THE TASK:
Would you reproduce exactly, and only, the lines starting at the one with "Συγκεκριμένα, στις φωτογραφίες" and ending at the last line of the data, with both included? Leave the pictures out.

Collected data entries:
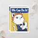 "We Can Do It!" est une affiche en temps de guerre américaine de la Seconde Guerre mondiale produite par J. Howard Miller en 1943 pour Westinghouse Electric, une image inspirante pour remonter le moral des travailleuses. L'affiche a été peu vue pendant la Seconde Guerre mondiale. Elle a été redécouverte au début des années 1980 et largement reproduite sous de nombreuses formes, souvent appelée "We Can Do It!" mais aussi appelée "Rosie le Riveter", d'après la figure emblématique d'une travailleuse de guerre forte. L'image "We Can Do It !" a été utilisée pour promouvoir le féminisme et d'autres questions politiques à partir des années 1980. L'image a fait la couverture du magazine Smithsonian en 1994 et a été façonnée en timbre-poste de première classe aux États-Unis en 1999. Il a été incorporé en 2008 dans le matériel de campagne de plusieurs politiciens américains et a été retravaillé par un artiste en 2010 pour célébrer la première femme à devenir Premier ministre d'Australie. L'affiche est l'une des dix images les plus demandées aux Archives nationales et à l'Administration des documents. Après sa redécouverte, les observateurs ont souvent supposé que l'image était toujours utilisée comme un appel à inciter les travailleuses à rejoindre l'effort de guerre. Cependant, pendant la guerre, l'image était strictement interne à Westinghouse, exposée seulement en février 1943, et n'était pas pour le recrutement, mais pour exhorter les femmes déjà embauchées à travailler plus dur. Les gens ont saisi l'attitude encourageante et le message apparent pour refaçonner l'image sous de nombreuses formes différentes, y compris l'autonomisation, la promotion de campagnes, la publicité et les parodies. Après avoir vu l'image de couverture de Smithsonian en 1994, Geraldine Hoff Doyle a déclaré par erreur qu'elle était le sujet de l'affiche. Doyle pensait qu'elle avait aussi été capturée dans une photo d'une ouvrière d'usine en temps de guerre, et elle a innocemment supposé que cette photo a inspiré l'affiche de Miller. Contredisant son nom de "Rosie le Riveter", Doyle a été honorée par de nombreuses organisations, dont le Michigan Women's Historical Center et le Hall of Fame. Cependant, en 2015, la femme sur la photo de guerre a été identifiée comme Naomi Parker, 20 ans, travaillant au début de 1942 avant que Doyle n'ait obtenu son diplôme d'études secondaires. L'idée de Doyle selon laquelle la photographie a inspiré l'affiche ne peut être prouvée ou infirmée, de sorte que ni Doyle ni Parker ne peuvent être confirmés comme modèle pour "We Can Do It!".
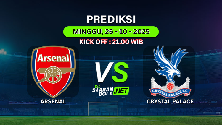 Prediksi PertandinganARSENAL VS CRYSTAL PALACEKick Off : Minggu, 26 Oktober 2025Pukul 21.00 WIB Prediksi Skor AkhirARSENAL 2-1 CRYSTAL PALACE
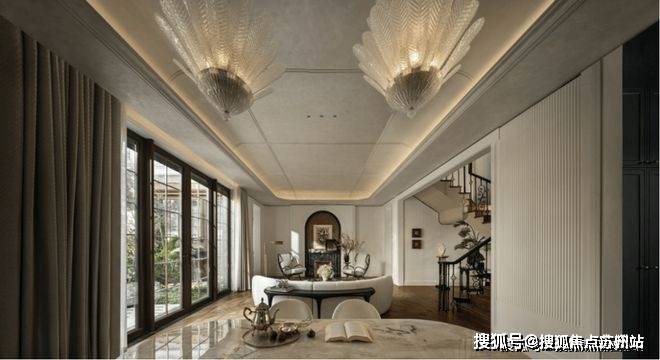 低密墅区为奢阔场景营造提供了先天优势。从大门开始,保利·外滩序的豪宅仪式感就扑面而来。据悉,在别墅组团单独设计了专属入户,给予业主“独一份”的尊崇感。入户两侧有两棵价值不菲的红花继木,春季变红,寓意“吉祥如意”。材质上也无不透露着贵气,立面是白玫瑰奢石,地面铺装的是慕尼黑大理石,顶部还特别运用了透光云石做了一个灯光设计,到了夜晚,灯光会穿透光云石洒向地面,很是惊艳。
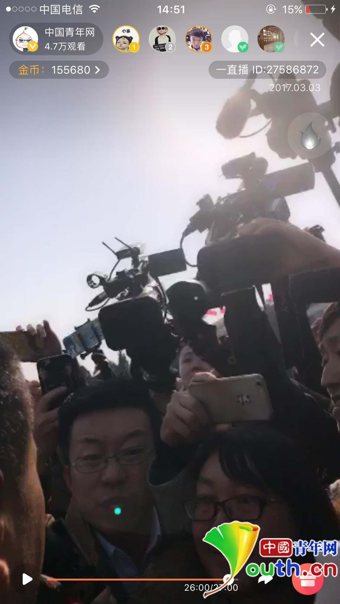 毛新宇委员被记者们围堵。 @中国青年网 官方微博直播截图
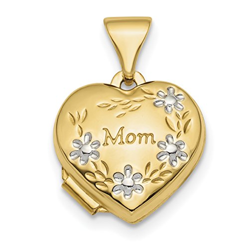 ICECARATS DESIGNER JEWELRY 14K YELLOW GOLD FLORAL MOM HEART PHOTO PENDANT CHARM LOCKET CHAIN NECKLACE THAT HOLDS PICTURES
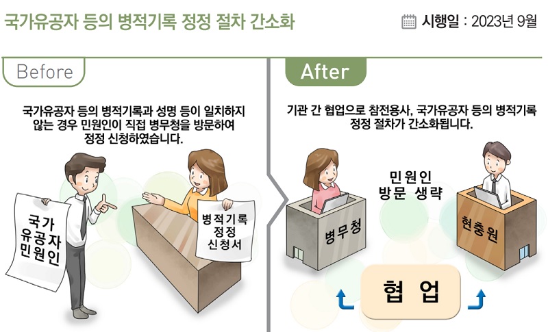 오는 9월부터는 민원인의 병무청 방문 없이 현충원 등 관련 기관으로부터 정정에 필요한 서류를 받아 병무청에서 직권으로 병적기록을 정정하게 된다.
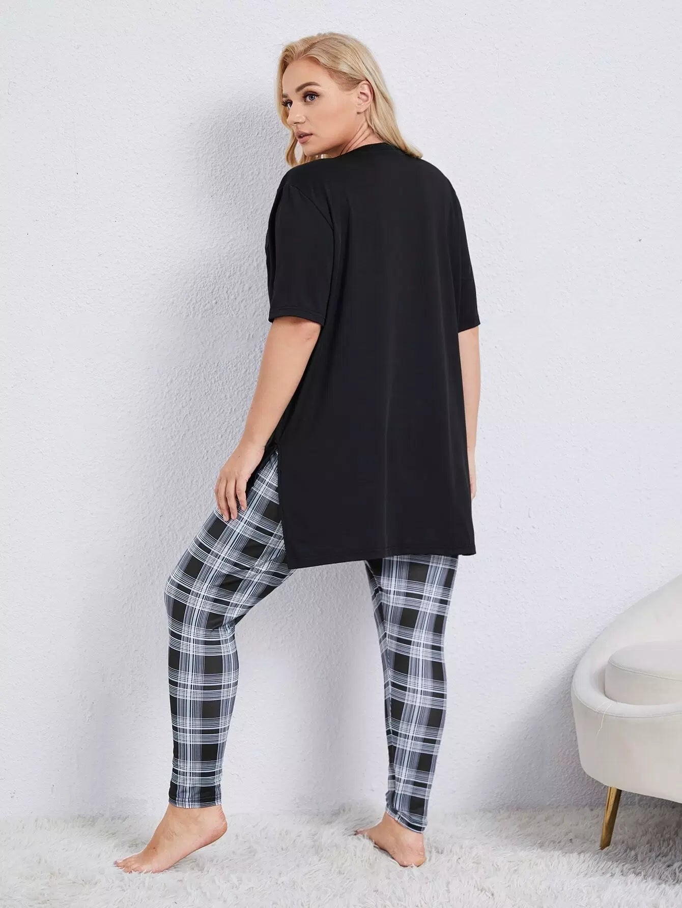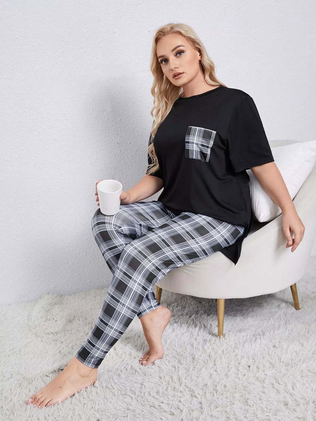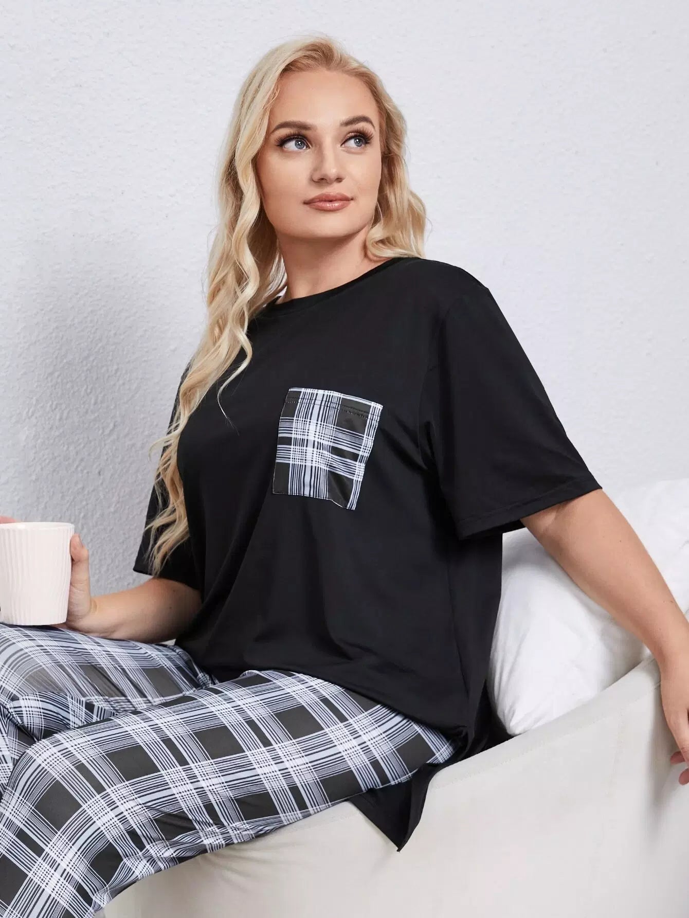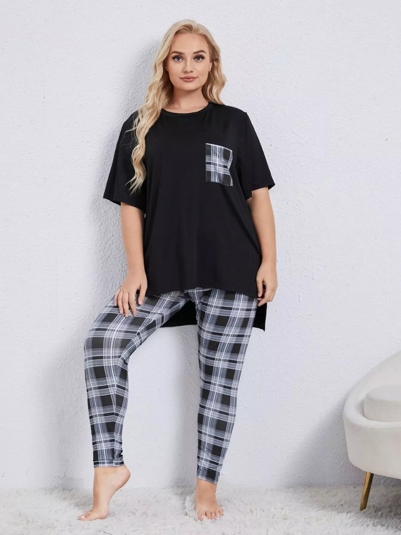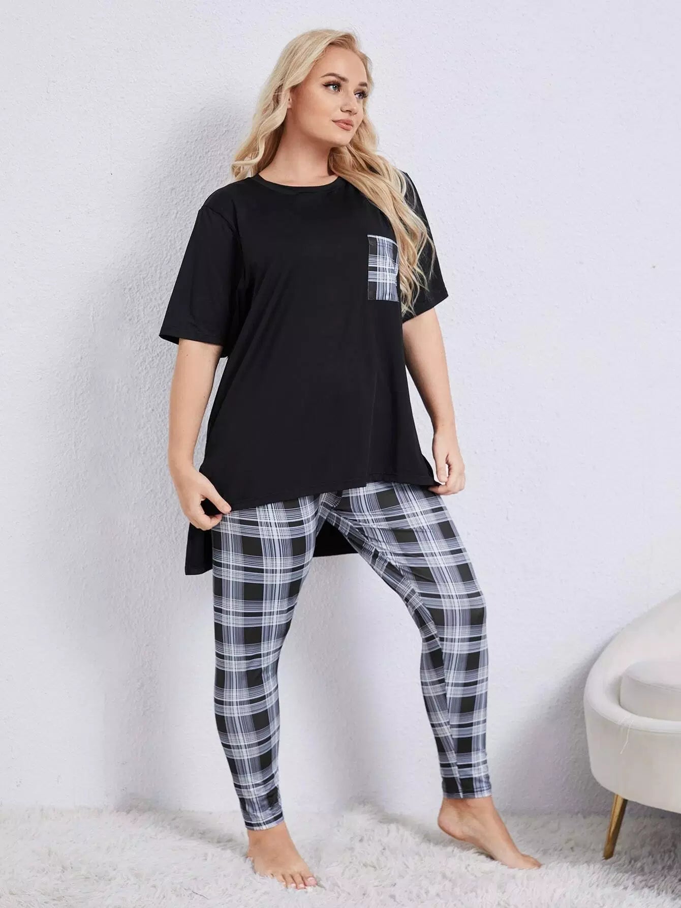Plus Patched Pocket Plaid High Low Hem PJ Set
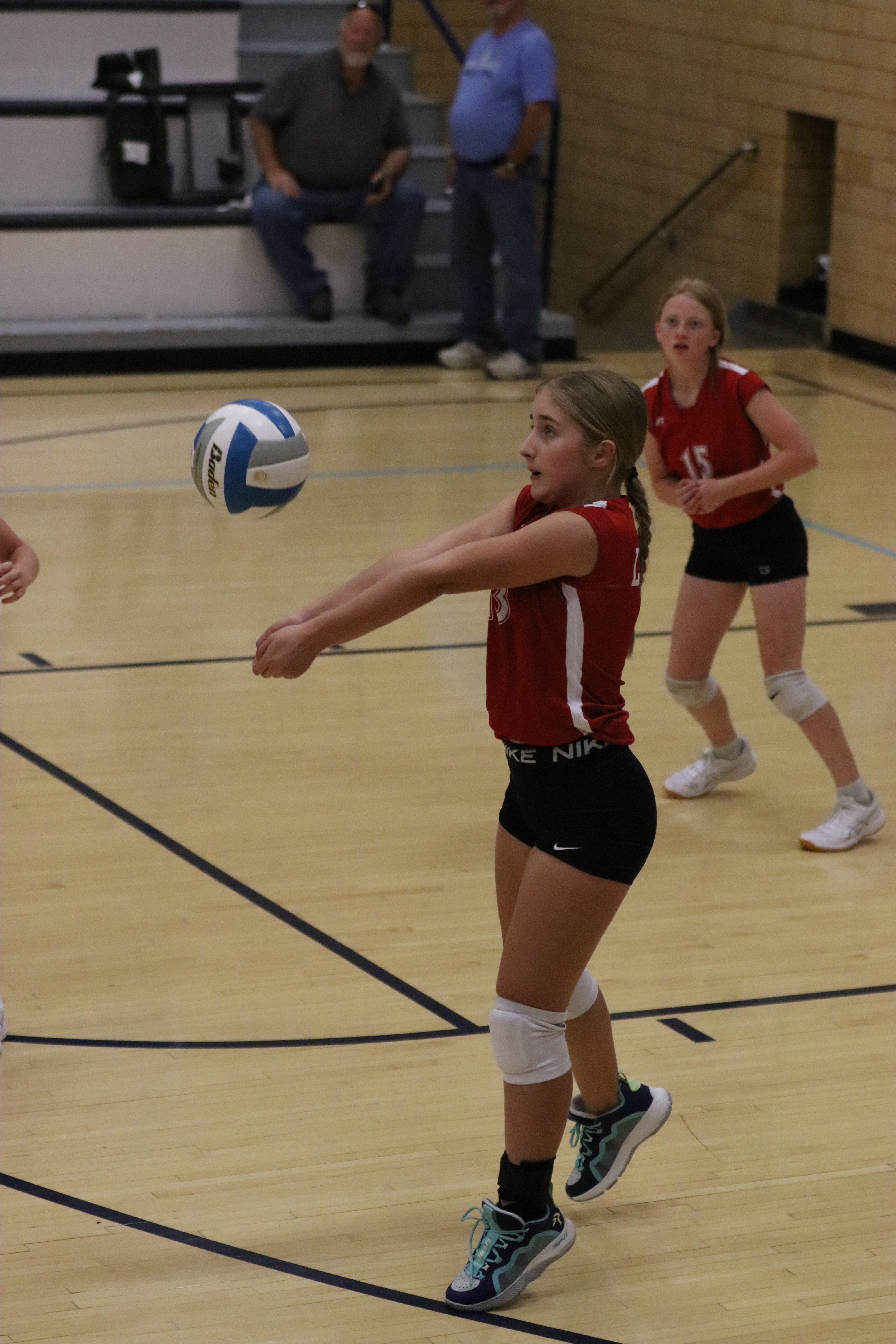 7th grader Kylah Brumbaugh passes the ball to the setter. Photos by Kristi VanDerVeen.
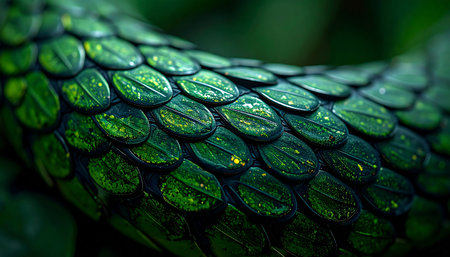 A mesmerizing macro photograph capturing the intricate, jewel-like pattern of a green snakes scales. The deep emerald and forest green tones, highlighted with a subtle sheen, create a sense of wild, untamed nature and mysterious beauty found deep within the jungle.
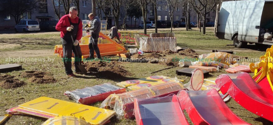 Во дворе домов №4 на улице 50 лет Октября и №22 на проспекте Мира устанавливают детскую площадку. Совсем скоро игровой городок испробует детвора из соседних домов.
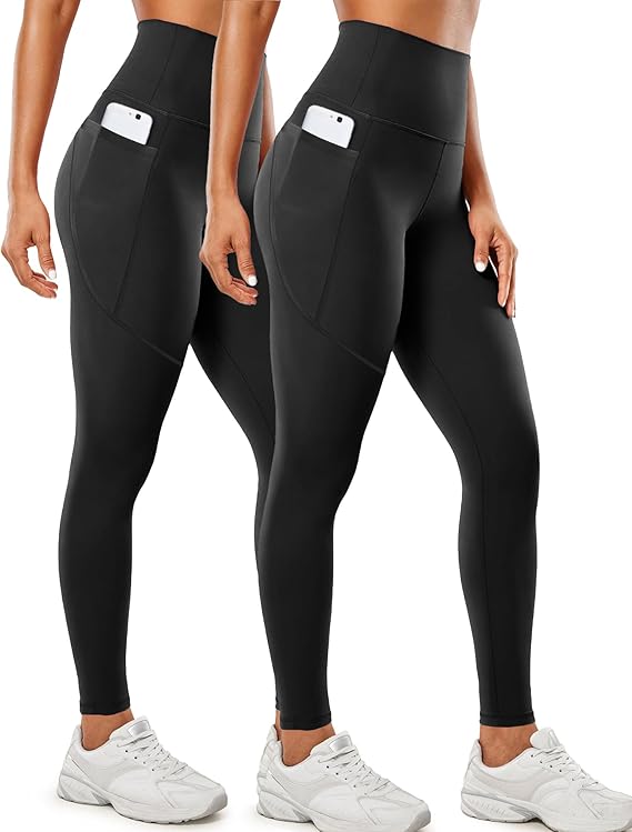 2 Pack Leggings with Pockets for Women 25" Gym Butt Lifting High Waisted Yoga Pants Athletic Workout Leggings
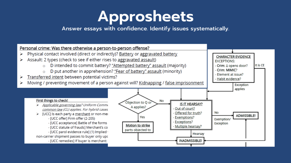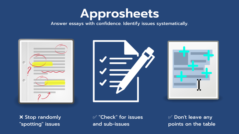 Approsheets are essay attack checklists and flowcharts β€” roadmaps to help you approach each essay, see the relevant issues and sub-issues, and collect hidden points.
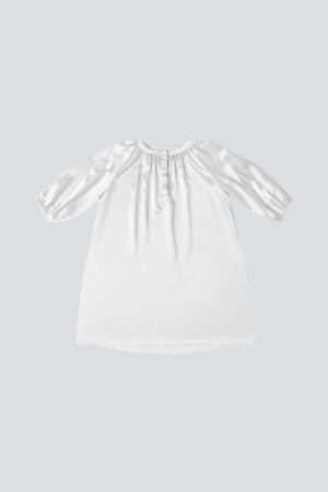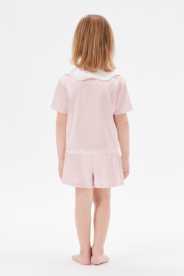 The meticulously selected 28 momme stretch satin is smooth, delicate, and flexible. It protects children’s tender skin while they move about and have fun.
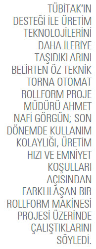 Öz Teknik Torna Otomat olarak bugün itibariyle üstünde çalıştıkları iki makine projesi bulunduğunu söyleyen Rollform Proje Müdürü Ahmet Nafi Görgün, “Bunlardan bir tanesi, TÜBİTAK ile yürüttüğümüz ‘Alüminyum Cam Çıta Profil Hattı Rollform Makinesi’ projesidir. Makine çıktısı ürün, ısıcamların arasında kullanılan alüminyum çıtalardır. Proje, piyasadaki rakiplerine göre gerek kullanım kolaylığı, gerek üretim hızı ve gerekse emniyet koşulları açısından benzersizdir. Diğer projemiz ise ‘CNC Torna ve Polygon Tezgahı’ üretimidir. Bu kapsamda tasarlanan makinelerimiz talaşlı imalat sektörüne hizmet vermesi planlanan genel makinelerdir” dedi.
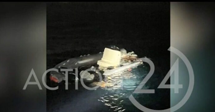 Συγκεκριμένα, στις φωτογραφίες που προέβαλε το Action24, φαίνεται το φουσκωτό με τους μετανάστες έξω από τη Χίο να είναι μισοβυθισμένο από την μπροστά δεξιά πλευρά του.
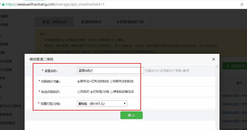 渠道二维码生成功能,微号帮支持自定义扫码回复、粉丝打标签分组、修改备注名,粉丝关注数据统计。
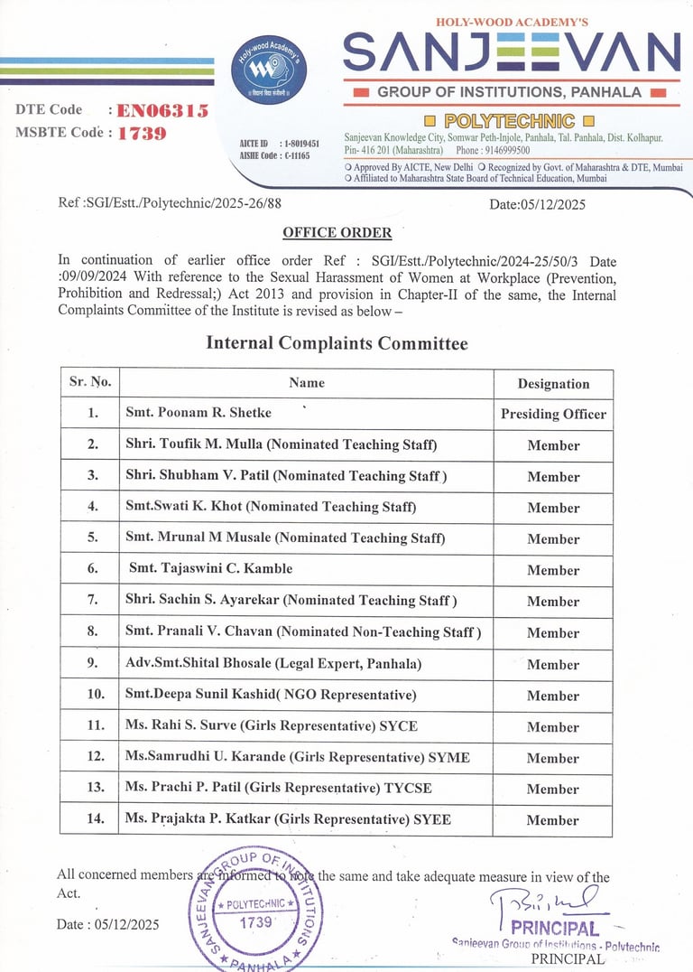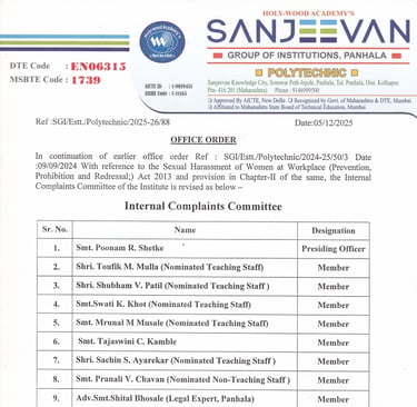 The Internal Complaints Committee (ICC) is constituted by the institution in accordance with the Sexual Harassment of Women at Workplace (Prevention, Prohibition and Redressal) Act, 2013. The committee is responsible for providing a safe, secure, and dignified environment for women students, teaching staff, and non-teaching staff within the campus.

SOLUTION TO THE EXERCISE:
 Συγκεκριμένα, στις φωτογραφίες που προέβαλε το Action24, φαίνεται το φουσκωτό με τους μετανάστες έξω από τη Χίο να είναι μισοβυθισμένο από την μπροστά δεξιά πλευρά του.
 渠道二维码生成功能,微号帮支持自定义扫码回复、粉丝打标签分组、修改备注名,粉丝关注数据统计。
 The Internal Complaints Committee (ICC) is constituted by the institution in accordance with the Sexual Harassment of Women at Workplace (Prevention, Prohibition and Redressal) Act, 2013. The committee is responsible for providing a safe, secure, and dignified environment for women students, teaching staff, and non-teaching staff within the campus.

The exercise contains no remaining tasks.